Ensemble, ils vont tenter de survivre et de ne pas laisser leurs démons prendre le contrôle.
Je remercie Babelio et les éditions Bayard pour cet envoi

J’ai découvert ce roman lorsqu’il m’a été proposé par Babelio pour en faire la chronique et le résumé m’intriguait suffisamment pour accepter de découvrir un roman inconnu. J’ai toujours un peu l’appréhension de ne pas apprécier le style de l’auteur, et j’ai été frappé par la fluidité du récit. Les chapitres sont plutôt courts donc on les enchaîne sans grand effort. Je suis un peu plus mitigée concernant mon appréciation de l’histoire et les personnages.

Eddie McIntyre a eu une enfance traumatisante et malgré l’amour de sa mère, il a grandi dans la violence et c’est désormais un jeune homme rongé par la colère, amateur de combat il se sert de cette haine pour exceller dans l’équipe de lutte de son lycée. Seulement après plusieurs rappels à l’ordre lors de compétitions, il dérape et commet un acte avec de terribles répercussions et se voit renvoyer du lycée et convoquer au tribunal pour répondre de ses actes.

Contre toute attente, on lui propose une alternative où il va pouvoir combattre sans se soucier des règles et où tous les coups sont permis. C’est dans ce contexte qu’il fait la connaissance de Khadjee une jeune femme chargée de l’entraîner afin qu’ils puissent être préparés aux futurs combats. Hébergée par sa coach Eddie va faire la connaissance de Than un personnage qui la bouleverser et lui apprendre des techniques de combat et surtout à temporiser sa colère.

Comme on pouvait s’y attendre avec ce genre de proposition, il va découvrir que l’homme qui lui a tendu la main n’est peut-être pas la solution à ses problèmes et on va le voir prendre les mauvaises décisions. Eddie n’est pas un personnage facile à apprécier et on le voit s’enfoncer dans ses choix et aggraver sa situation, je me suis demandé jusqu’où il allait sombrer et quel allait être l’élément déclencheur. Sans grande surprise le récit tombe un peu dans le cliché des combats illégaux et on est loin de la rédemption attendue.

On enchaine les combats sans émotions et on assiste à un déferlement de rage sans qu’Eddie catalyse sa colère et c’est finalement la seule émotion qu’il transmet. Son passé est survolé, son présent peu aboutit et son futur pas construit. On reste en surface sans aller au bout des choses et c’est frustrant, car finalement on ressort de cette lecture en ayant le sentiment frustrant, comme il manquait des étapes et que l’on n’avait pas assistées à toutes les scènes.

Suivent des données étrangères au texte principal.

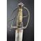 Monture en fer à garde multi-branches encore parfaitement noircie, une branche principale et quatre branches secondaires et un poucier qui rejoignent le clavier à double pontat et le pommeau de forme ovoïde. Poignée en bois filigrané de laiton à viroles en laiton. Lame forgée à Saint Etienne du modèle de la forte épée de 1680 droite à deux tranchants, double gorges et arrête médiane, longueur 95,8 cm. Sans fourreau. Fines traces d'oxydation d'usage, très bon état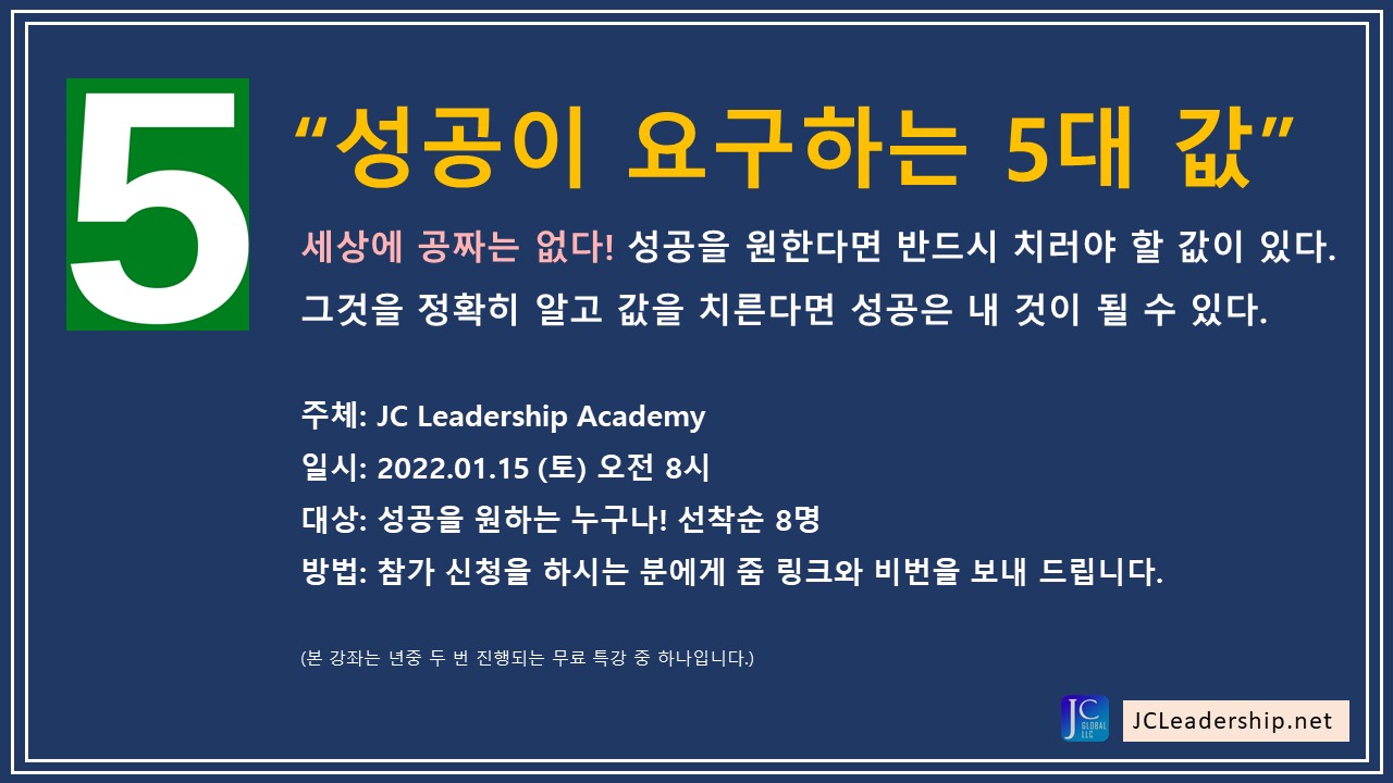 아시는 분들도 계시겠지만 제가 1년에 두번 재능기부(?) 차원에서 무료 특강을 진행합니다. 변화와 성장, 그리고 성공이라는 주제안에서의 내용으로 누구나 적용 가능한 내용으로 2022년의 그 첫 번째를 진행하려 합니다.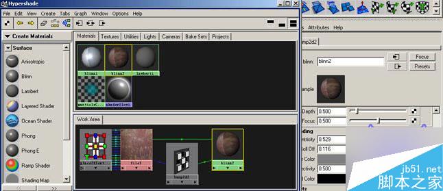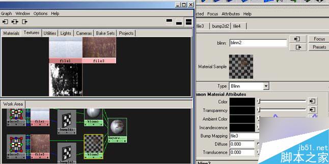 发现新旧材质处于同一平面,现在进行脱皮处理,把遮照贴图用中键拖拽到新材质的bunp节点上,bump值为-0.1
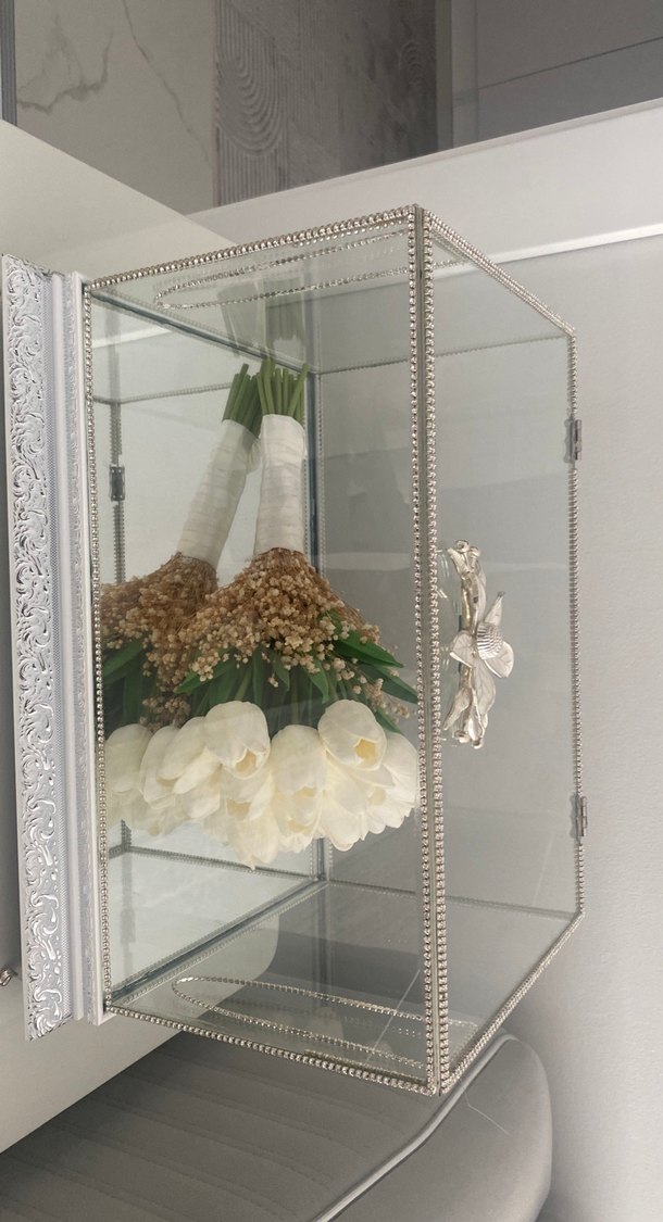 Boncuk Detaylı Beyaz Modern Klasik Gelin Buketi Kutusu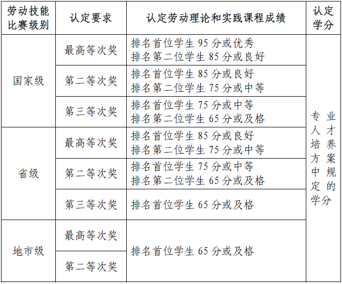 劳动课程认定。在学校统一组织参加的地市级政府部门及以上劳动技能相关比赛中获得奖励(仅限前两位获奖学生),可申请认定劳动课程(含理论和实践)学分及成绩,学分及成绩认定标准如表4所示。
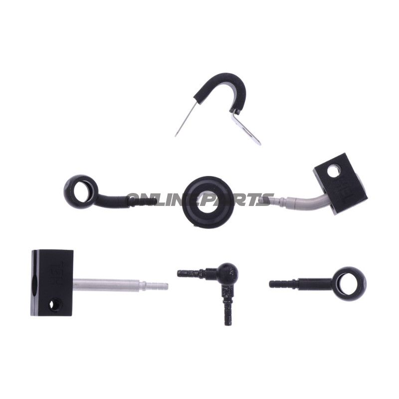 Das geflochtene Stahl-Bremsschlauchset Fittings in Schwarz ist darauf ausgelegt, die Bremsleistung des Systems bei bestimmten Honda MSX 125 A Modellen von 2017 bis 2020 zu verbessern. Dieses Set ist eine wichtige Komponente der Bremsanlage des Motorrads, da es eine stabile und effektive Bremskraft unter verschiedenen Fahrbedingungen gewährleistet.

Malheureusement je suis assez mitigée par cette lecture, ça manque de profondeur et j’aurais apprécié découvrir le chemin parcouru d’Eddie, avoir le sentiment d’être dans sa tête, avec les raisonnements qui vont avec et un semblant d’émotion autre que la colère. A aucun moment il semble perturbé ou troublé par ce qui lui arrive et au moment où il décide de prendre sa vie en main et bien on a l’impression d’être passé à côté du déclic, pour finalement voir le récit s’accélérer et ciao bonsoir c’est la fin. Si vous l’avez lu, je serais curieuse de découvrir votre avis, car c’est peut-être moi qui suis passé à côté.